→ **What is expected**
Would you retype the whole listing exactly, leaving its pictures out?

→ **Supplied material**
>>>>
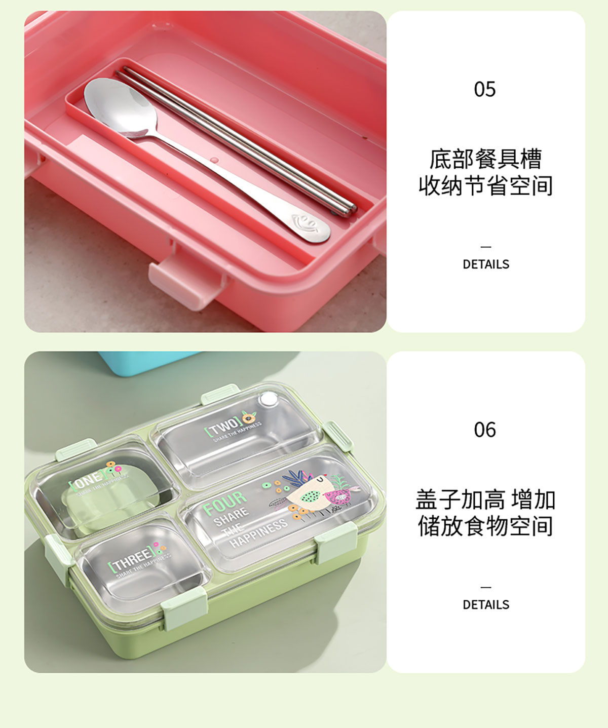 3D噴繪大三格/四格帶醬盒/四格帶碗加高不銹鋼餐盒
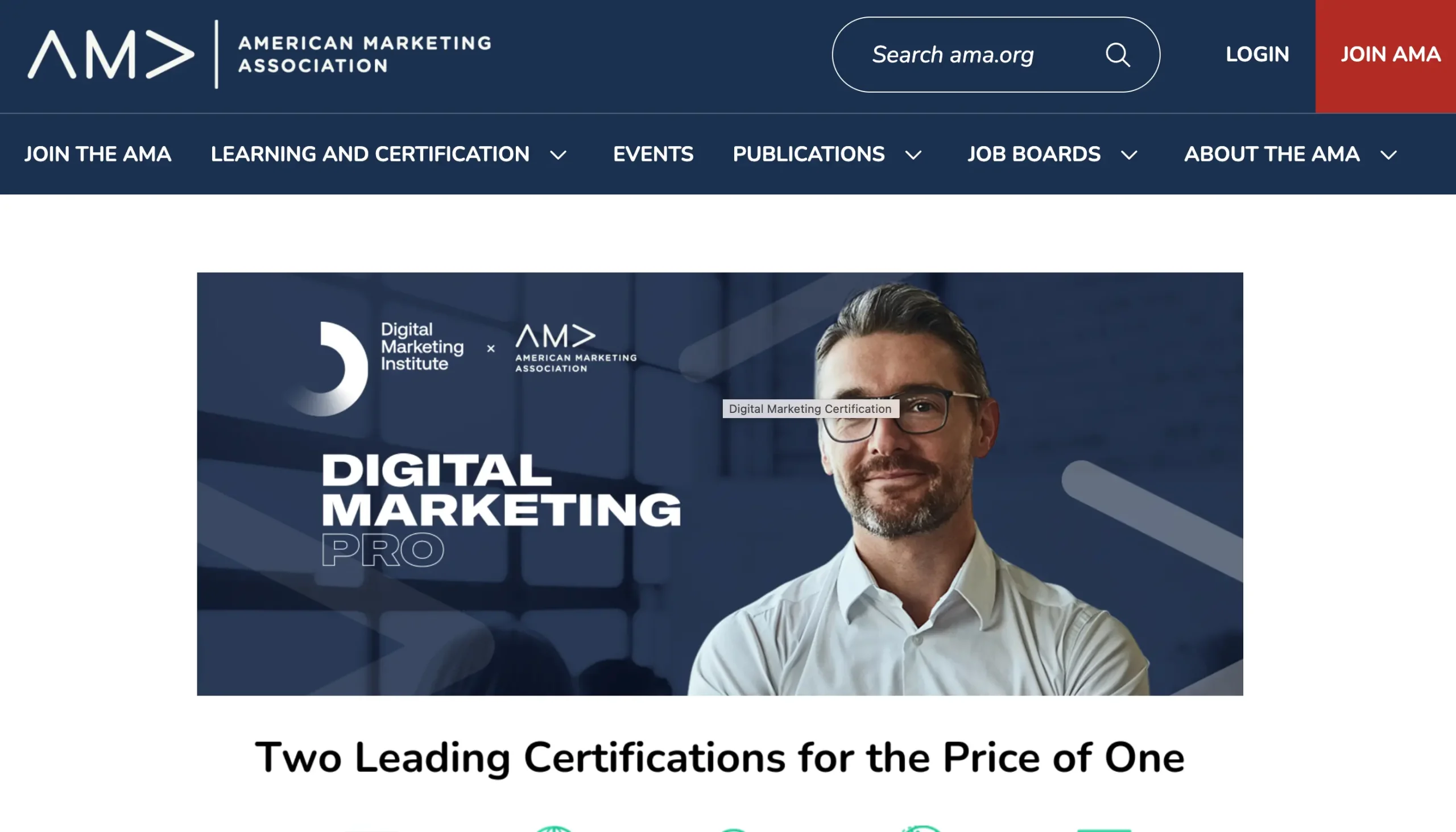 The AMA offers two marketing certifications in cooperation with the Digital Marketing Institute: the PCM Digital Marketing Certification and the Certified Digital Marketing Professional (DMI Pro).
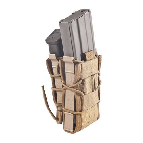 High Speed Gear’s Double Decker TACO® magasinbærer kombinerer en modulær rifle magasinlomme og en modulær pistol magasinlomme i en sikker enhet. Denne unike lommen kan trygt holde en rekke kombinasjoner av magasiner og andre tilbehør.
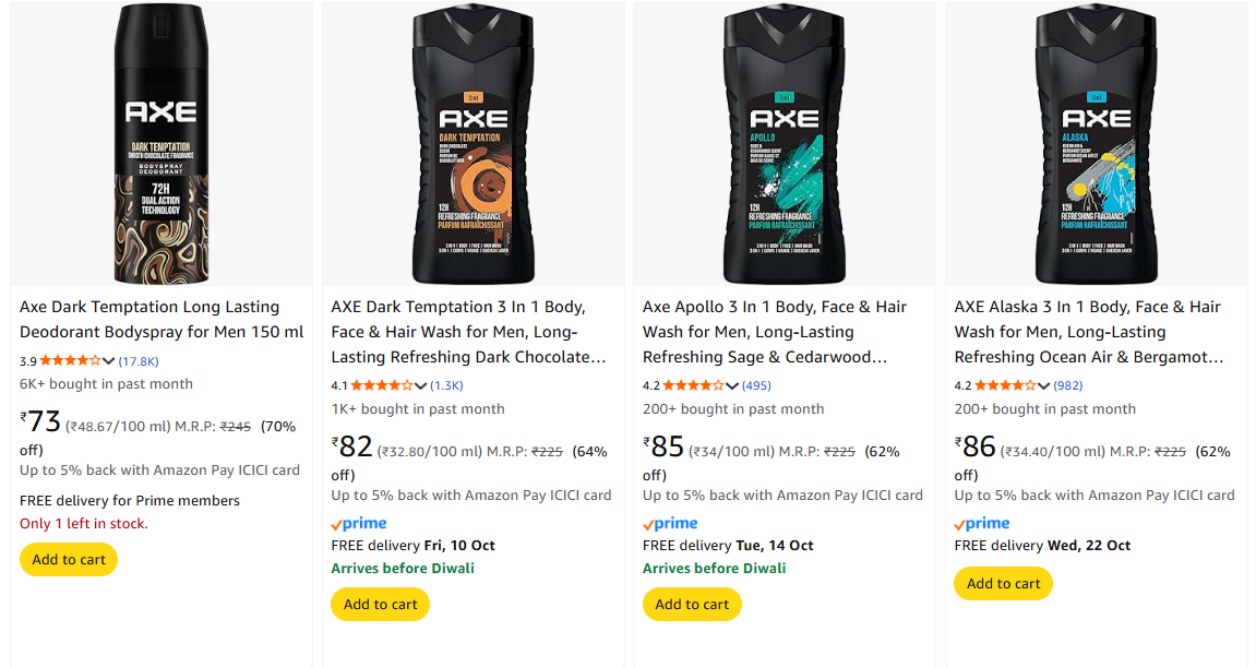 Axe Beauty Products upto 70% Discount | Starting at ₹73 is available on Amazon.
<<<<
→ **Answer box**
 3D噴繪大三格/四格帶醬盒/四格帶碗加高不銹鋼餐盒
 The AMA offers two marketing certifications in cooperation with the Digital Marketing Institute: the PCM Digital Marketing Certification and the Certified Digital Marketing Professional (DMI Pro).
 High Speed Gear’s Double Decker TACO® magasinbærer kombinerer en modulær rifle magasinlomme og en modulær pistol magasinlomme i en sikker enhet. Denne unike lommen kan trygt holde en rekke kombinasjoner av magasiner og andre tilbehør.
 Axe Beauty Products upto 70% Discount | Starting at ₹73 is available on Amazon.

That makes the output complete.